Thursday 14 February 2013

cultural wars for the past - in palestine



“Those who control the present, control the past and those who control the past control the future.”

                                                                                                                                                                       George Orwell


It is the perception of the past that guides the direction of the future in the minds of the masses. And managing that Perception is the  main agenda of Archaeology and of National Museums dedicated to creating the myths that are used to bind people into nations. And to keep them bound.  

The political use and misuse of archaeology in the middle east is leading to cultural wars that are probably more important than the physical wars which draw most of the  attention in the hugely contested war zones of the Middle East. 
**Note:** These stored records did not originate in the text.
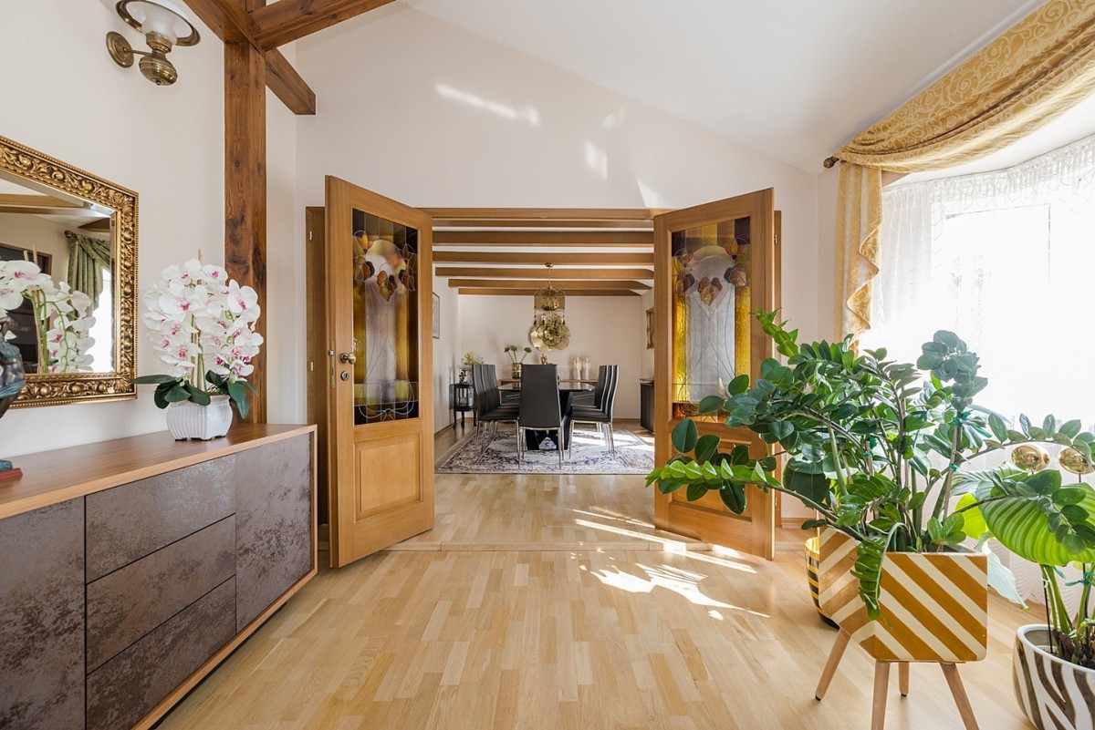 Zapraszamy do wyjątkowej willi, która łączy komfort, elegancję i nowoczesne rozwiązania. To przestronny dom w zacisznej okolicy, zaledwie 8 km od centrum Warszawy, idealny dla osób szukających luksusowego azylu z dala od zgiełku miasta, w dogodnej lokalizacji biznesowej.
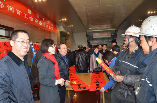 在成庄矿三号风井的交接班室里,矿领导、集团公司文联负责人和班前会的职工一起品读着春联:春满人间欢歌阵阵,福临门第喜气洋洋。带着工会的声声祝福,温暖涌动在职工的心中,每个人脸上洋溢起幸福的笑容。
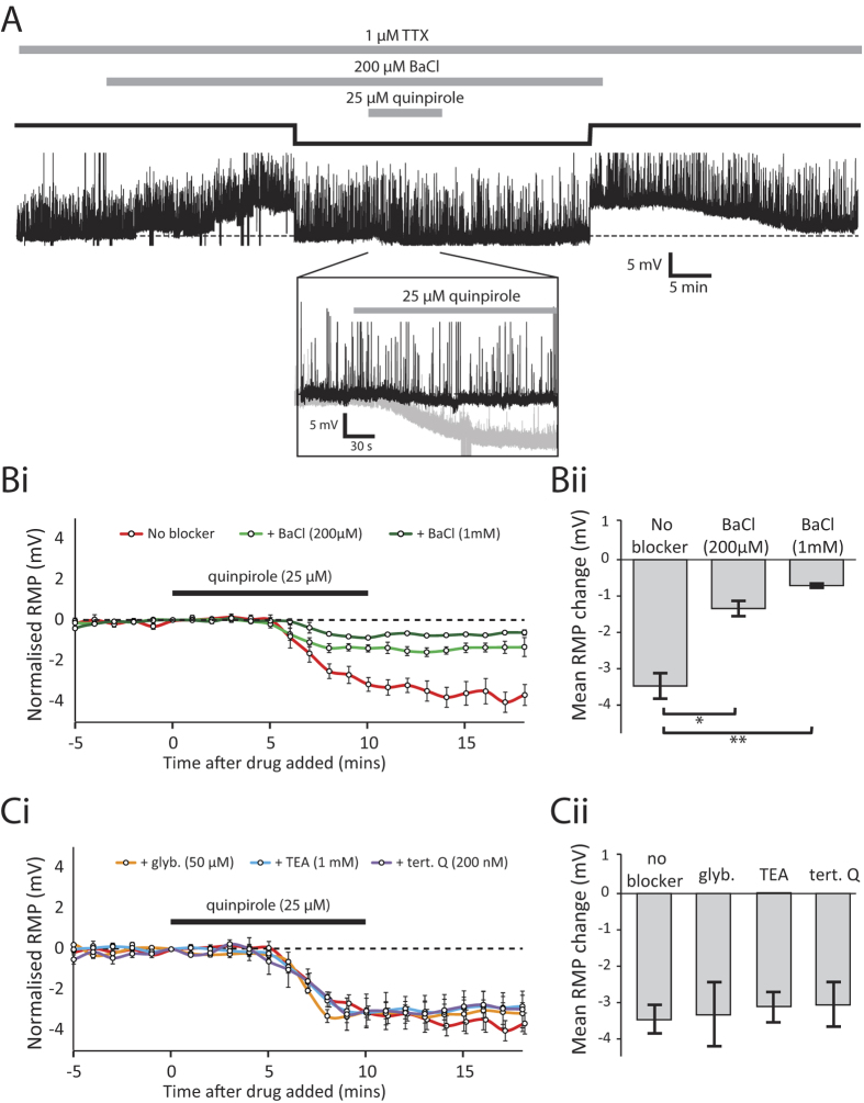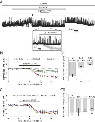Figure 6. Barium chloride (BaCl), but not other potassium channel blockers, occludes the D2-like receptor mediated hyperpolarisation of spinal CPG neurons.(A) A representative intracellular recording showing the effects of 25 μM quinpirole in the presence of TTX and BaCl. Application of 200 μM BaCl depolarised the cell by approximately 4 mV before stabilising, at which point the membrane potential was corrected to control (dashed line) using DC current injection (solid black line). Quinpirole (25 μM) had only a small (<1 mV) hyperpolarising effect when subsequently applied in the presence of BaCl. The inset shows an expansion of the main trace. The effect of quinpirole alone is illustrated as a faded trace for comparison. (Bi) Timecourse showing the resting membrane potential, pooled and normalised into 1 minute bins, to illustrate the hyperpolarising effect of quinpirole (25 μM) under control conditions (red), in the presence of 200 μM BaCl (light green) and in the presence 1 mM BaCl (dark green). (Bii) Pooled data showing a significantly smaller hyperpolarisation in both 200 μM BaCl (p < 0.05, n = 4) and 1 mM BaCl (p < 0.01, n = 3) compared to control. (Ci) Timecourse plot showing the quinpirole hyperpolarisation in a range of other K+ channel blockers. (Cii) Various K+ channel blockers, including TEA, glybenclamide and tertiapin-Q showed no significant occlusion of the quinpirole effect.
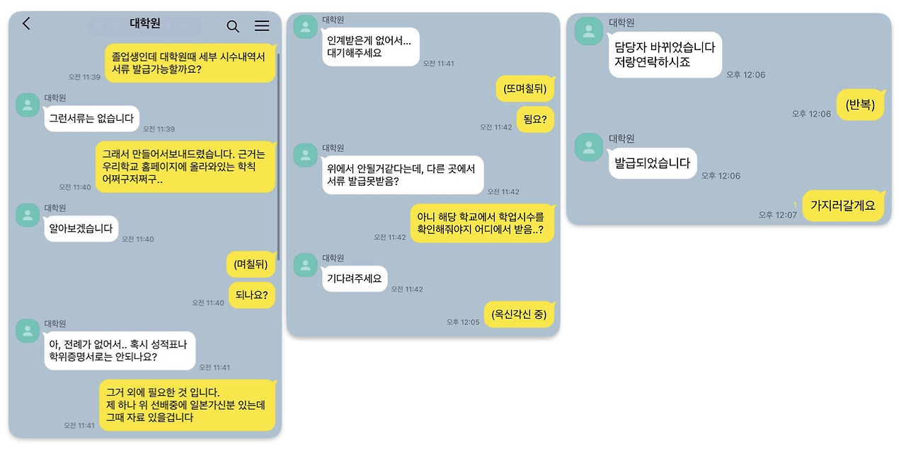 학과장님 면담이 가능한 갓 졸업한 학생이라면 오히려 빨랐을 텐데, 졸업한 지 거의 10년째인 저 같은 경우엔 학과 사무실을 통하는 방법뿐이 없었습니다. 종례에는 서류를 잘 인계받고 마무리 지을 수 있었지만, 매일 화요일 오전 전화해서 물어보는 게 서로에게 고역이었습니다.
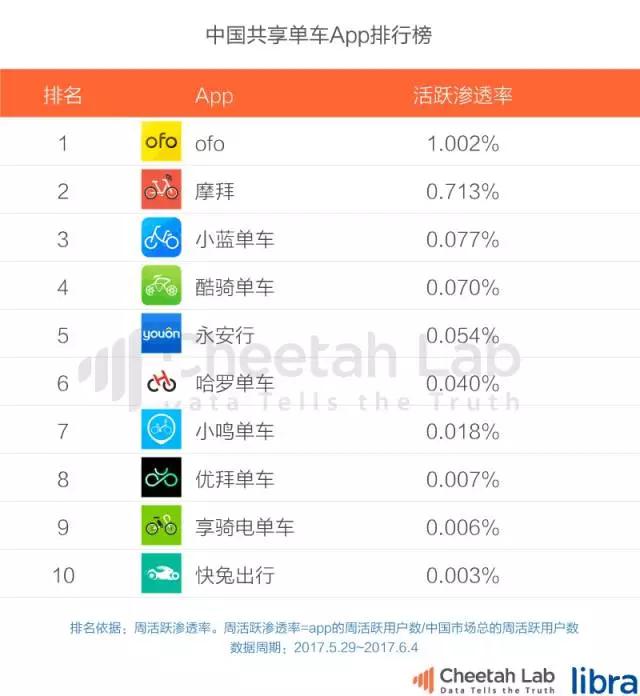 按照中國最具全球視野的移動數(shù)據(jù)研究機構Cheetah Lab(獵豹全球智庫)最新發(fā)布的“中國共享單車App排行榜”,ofo活躍滲透率為1.002%,居共享單車行業(yè)榜首,摩拜單車活躍滲透率為0.713%,排名第二。ofo活躍滲透率占優(yōu),是摩拜的超1.4倍。
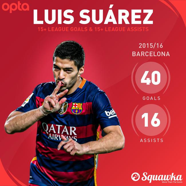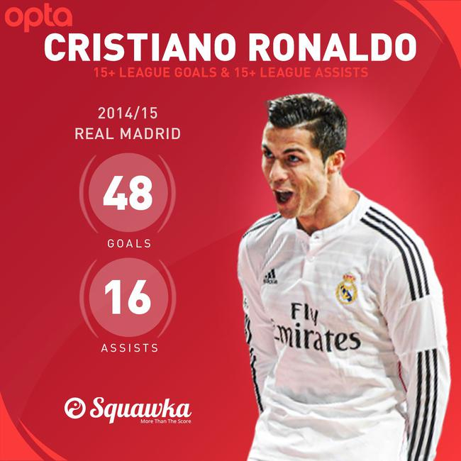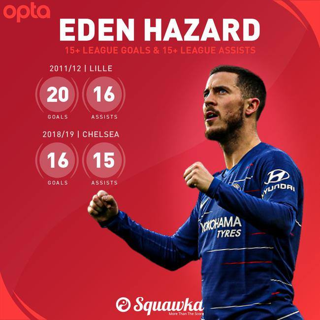 从2006-07赛季开始,只有4名球员在单赛季完成过进球和助攻都达到15+。阿扎尔有2次(2011-12赛季,20球16助;2018-19赛季,16球15助),C罗1次(2014-15赛季,48球16助),苏亚雷斯1次(2015-16赛季,40球16助),桑乔1次(17球16助)。
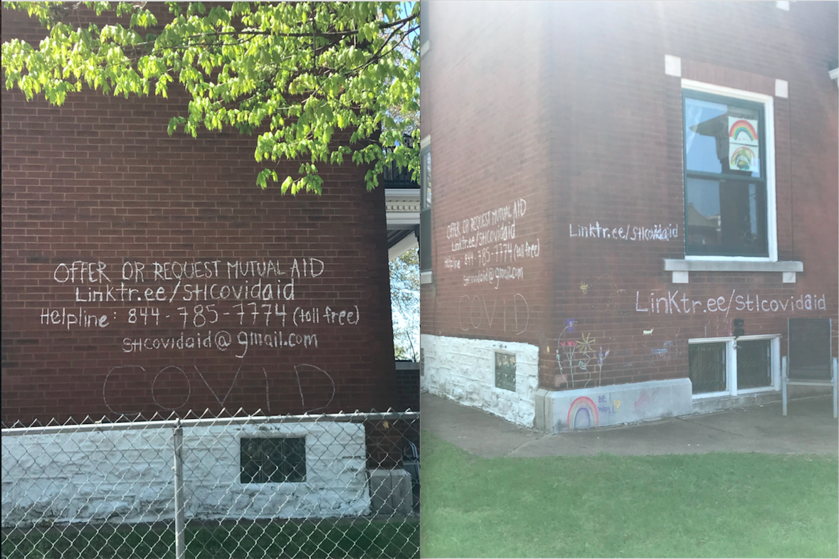 The South City area of Saint Louis is a diverse, tight-knit community. It only makes sense that residents would go out of their way to assist each other during this difficult time. The residents of this home near the intersection of Arsenal St. and Gravois Rd. advertised resources in chalk writing on the exterior of the house, including a LinkTree website, toll-free helpline, and email account dedicated to helping those in need and connecting volunteers with service opportunities. There are also children’s chalk drawings of flowers and a rainbow on the exterior and of a rainbow and a pot of gold taped to the window. #DePaulHST391
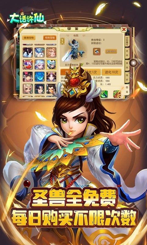 大话许仙首续0.1折是一款Q版回合制仙侠手游,在大话许仙首续0.1折中,玩家上线就送吃鸡特权和万元充值,还有满级VIP特权可以领取,GM商城一铜币就可以解锁所有圣兽,每日上线都送真充
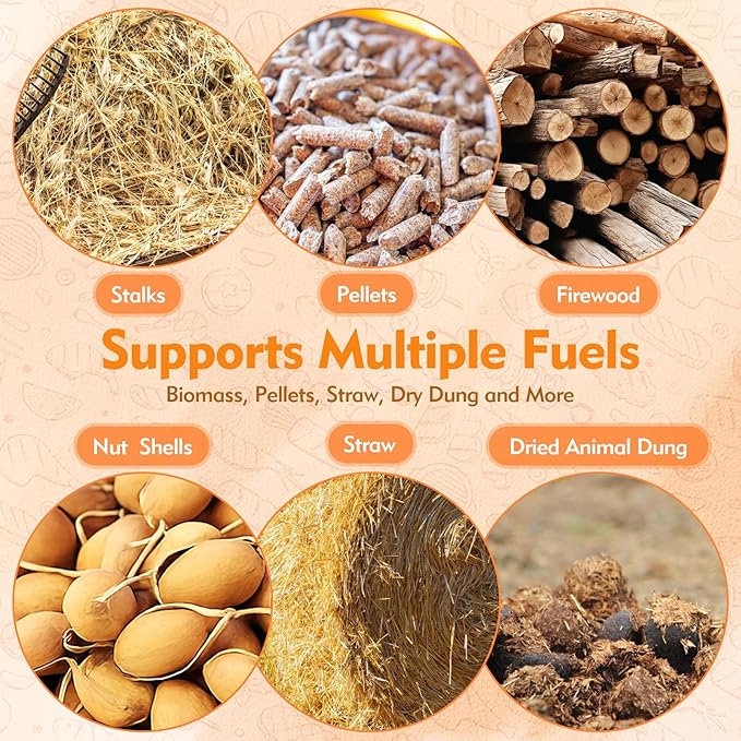 - 🌿【Compatible with Various Solid Fuels】This stove supports firewood, dry leaves, nutshells, hay, and dried animal dung—ideal for outdoor survival and off-grid cooking.
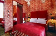 A grand sweeping staircase in the lobby sets the tone. Lush splashes of red mingle with leather and dark woods creating a hushed, elegant and sophisticated atmosphere. The theme continues throughout the rooms which are particularly spacious for Paris.
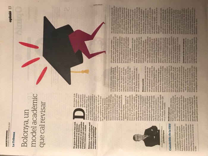 Bolonya, un model acadèmic que cal revisar és el titol del nou article públicat al Diari Tarrgona pel nostre director del departament, Joaquín Ruíz de Arbulo.
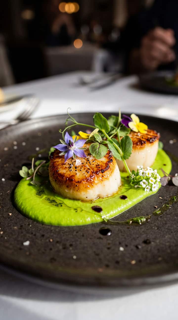 En deilig trerettersmeny med sesongbaserte ingredienser. Inkluderer forrett, hovedrett og dessert. Perfekt for en avslappet kveld.
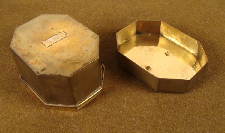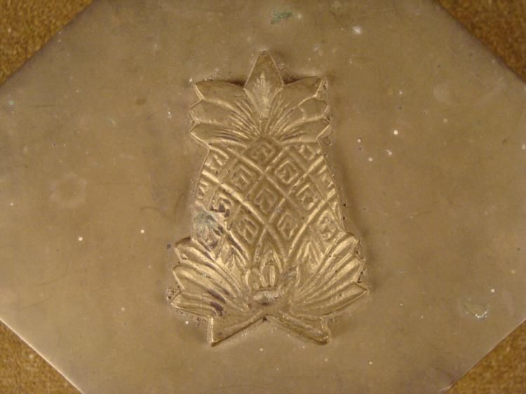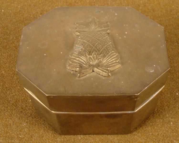 OFFERED HERE IS A WWII PACIFIC THEATER BRASS CASE WITH PINEAPPLE IN RELIEF ON TOP.; IT IS OCTAGON SHAPED WITH THE DIMENSIONS OF 4”X 5” X 3 1/2”.
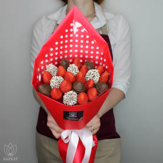 Мы собираем клубничные букеты по весу, а не по штукам. Количество, форма и размер ягод могут отличаться — ведь каждая ягода уникальна.
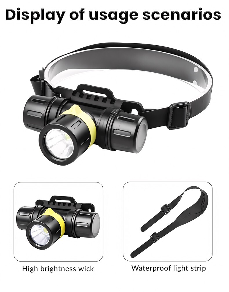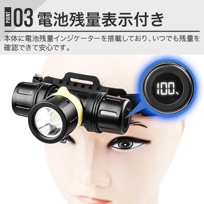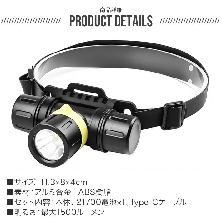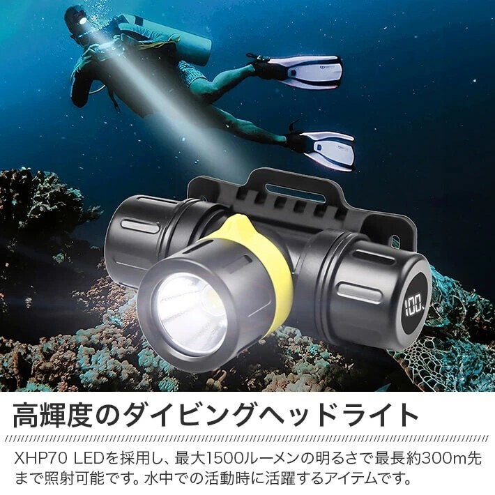 ダイビングヘッドランプ 充電式 XHP70LED 2モード点灯 水中ヘッドライト 1500ルーメン 最大300mまで照らす IPX8防水 角度調整 21700電池付き 登山 屋外作業 電池残量表示 Type-Cケーブル付き 充電式
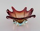 Stor Murano skål i rødligt og klart mundblæst kunstglas. 1960/70'erne. Måler: 30 x 10 cm. I flot stand. Mærkat.

And it is these cultural wars that will eventually decide the eventual fate of the peoples of that land.

Museum exhibit becomes front in Israeli-Palestinian struggle

By Thursday, February 14, 3:22 AM

JERUSALEM — A major exhibit at Israel’s national museum that is devoted to Herod the Great, the Roman-era king of Judea, has become the latest front in a struggle between Israelis and Palestinians over cultural heritage.
The show is billed as the most ambitious and expensive archaeological exhibition put on by the Israel Museum outside of its permanent collections, and its centerpiece is a partial reconstruction of what is believed to be the king’s tomb at Herodium, a hilltop palace-fortress south of Jerusalem in the West Bank.




Yonathan Mizrachi, an Israeli archeologist with Emek Shaveh, a group that focuses on the role of archaeology in the Israeli-Palestinian conflict, said the Israel Museum’s spotlight on Herodium served efforts by the government and Jewish settlers to appropriate West Bank sites as part of Israel’s national heritage.
“The museum can grant legitimacy to the occupation this way, by presenting this as part of Israeli and Jewish heritage,” he said. “The message is: This past is ours.



http://www.washingtonpost.com/world/middle_east/museum-exhibit-becomes-front-in-israeli-palestinian-struggle/2013/02/13/d



Moshe Dayan is the former Israeli defense minister who, using the strength of the Israeli army, pillaged countless artifacts — dating from the Ottoman era to the time before Christ — from Gaza, in an effort to erase Palestinian history.





Salim Mubayed, a researcher of Palestinian heritage, told Al-Monitor in a meeting in his office: “Gaza is considered a open-air museum for the world’s civilizations. In this city heathens, then Christians and Muslims developed and enriched the city with antiquities. Gaza was called a treasure, but the excavation of its antiquities was not consistent with its historical significance. Its antiquities were not properly excavated, and the biggest part was hidden.”

It is to be noted that the first scientific research in Gaza was conducted in 1931 by British archaeologist Flinders Petrie, who discovered many building foundations and pieces of gold jewelry in the Sheikh Ajleen neighborhood of the city of Gaza.

He explained that under the British Mandate, there was little awareness of the value of antiquities, which were traded. There was only one museum, called the Palestine Archaeological Museum, now the Rockefeller Museum in east Jerusalem. He noted that under Egyptian administration, attention was paid to all aspects of life except for Palestinian antiquities and heritage, which were unknown in Gaza.
Mubayed added that Israel entered and occupied Gaza for few months in 1956, and the first thing that was done was to steal antiquities. After 1967, these robberies became a policy adopted by the occupation. The most prominent antiquities were stolen by Dayan, who took thousands of pieces, including four Pharaonic clay coffins from ​​Deir al-Balah in the Gaza Strip.


Regarding the budgets set by the two governments in Gaza and the West Bank, most of the money is spent on security, without much concern for preserving Palestinian history or its many archaeological sites. On the other hand, Israel is creating its own history, on stolen treasures.